The D-550 is the rackmount equivalent of the Roland D-50, Roland's first fully digital synthesizer. Its synthesis is touted as Linear Arithmetic, which consists of layering periodic waveforms with sampled attack transients. Editing on the D-550 is not as convenient as on the D-50, due to the lack of vector joystick, soft buttons, and data entry slider, although the void is easily filled with the PG-1000 programmer.

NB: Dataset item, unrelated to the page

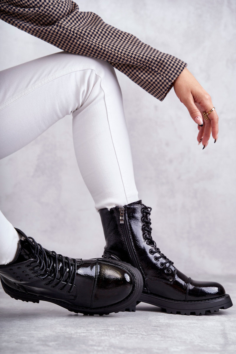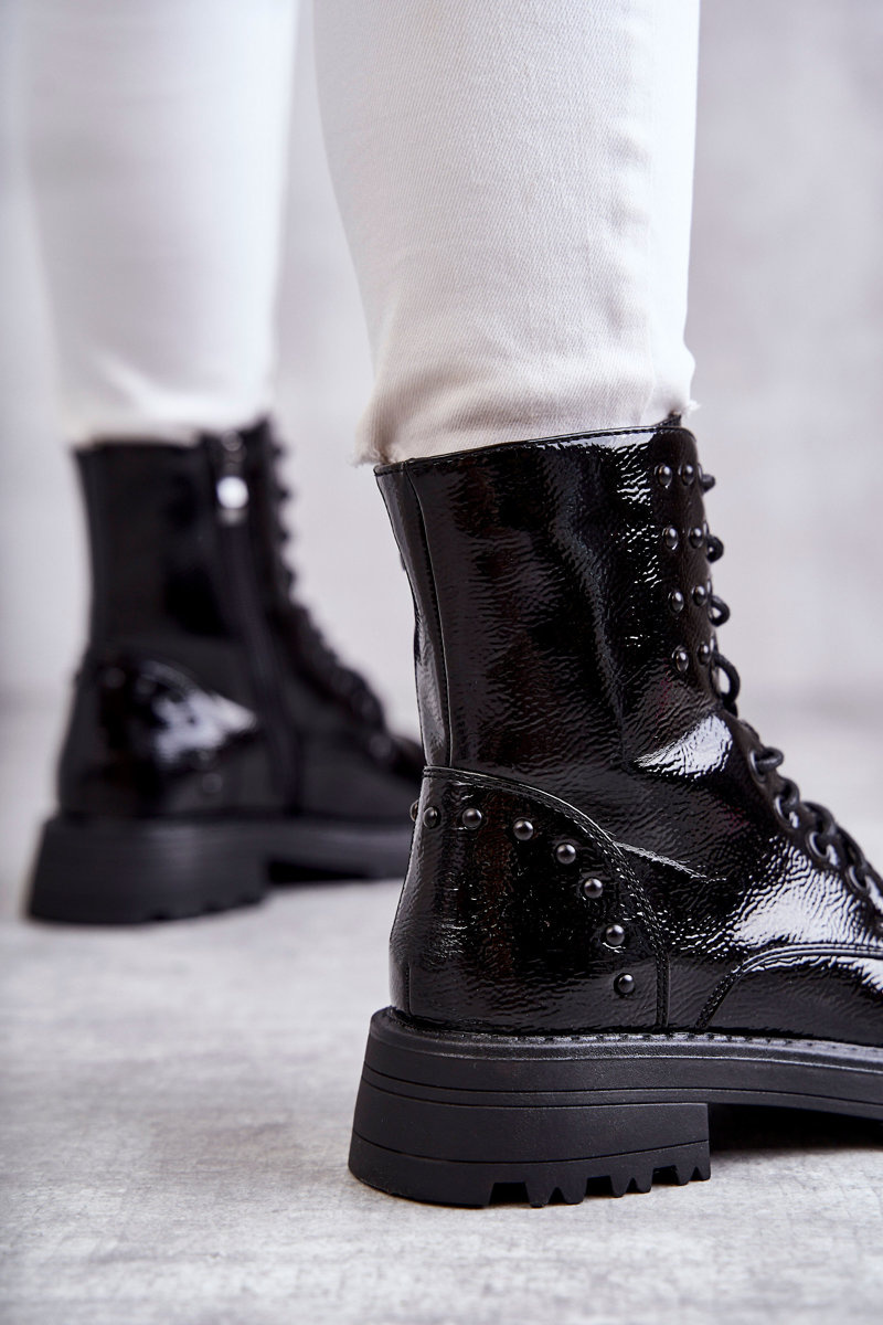 Perfektné topánky pre chladné jesenné dni. Majú šitie má predné a dekoratívne cvočky na zvršku. Pripevnené zo strany na zips a priviazané. Okrem toho je päta stuhnutá. Čižmy boli umiestnené na plochú pätu s behúňom. Centrum bolo izolované prikrývkou obuvi. Pohodlné a pohodlné na použitie - mali by ste ich mať v šatníku! Pri výbere veľkosti navrhnite tabuľku veľkosti.

The D-550 has sixteen note polyphony, although most patches are layers which limits polyphony to 8 voices. Two oscillators are available per voice, consisting of sampled attack transients or square or sawtooth periodic waves. The periodic waveforms' cycle can be modulated: PWM for the square wave and slope modulation for the sawtooth. Digital low pass filtering is only available for the periodic waves and resonance does not track the cutoff frequency. Seperate amplitude envelopes and modulation are available for the two oscillator sections, allowing a sampled attack transient to fade into a cylic waveform. Ring modulation between two cyclic waveforms is also supported. Three envelopes are available but are hardwired to PWM, amplitude, and filter cut-off, however the 3 LFOs have a multitude of destinations. Two band EQ, with variable frequency and Q for the highs, and chorus/flanger are available for each voice. Reverb and delay are global and while I'm sure they were par for the late '80s, they now pale in comparison to today's inexpensive outboard. The D-550 is often written off as sounding dated, although this is due more to the generic patches than its true capability. I've been able to achieve some truely astounding patches, some which cannot be duplicated on my newer synthesizers or samplers. If you like digital grunge, looped waveforms, shimmering highs, and dare to be different, look into a Roland D-550.
The PG-1000 is the dedicated programmer for the D-50 and D-550. Unlike several programmers for MKS series synths, the PG-1000 communicates with the D-550 via MIDI system exclusive and is powered by an external 9V power supply. The unit has four MIDI connectors: one for MIDI in, a MIDI thru, a MIDI out which transmits PG-1000 data merged with the incoming MIDI stream, and a second MIDI in used for displaying parameter values of the currently edited patch, which are transmitted by the MIDI out of the D-50 or D-550. The PG-1000 sports an impressive number of faders, but many serve multiple purposes for each patch's four partials, two tones, and common parameter block. Still, programming is fairly straight forward with the addition of a backlit LCD and dedicated partial and tone select buttons.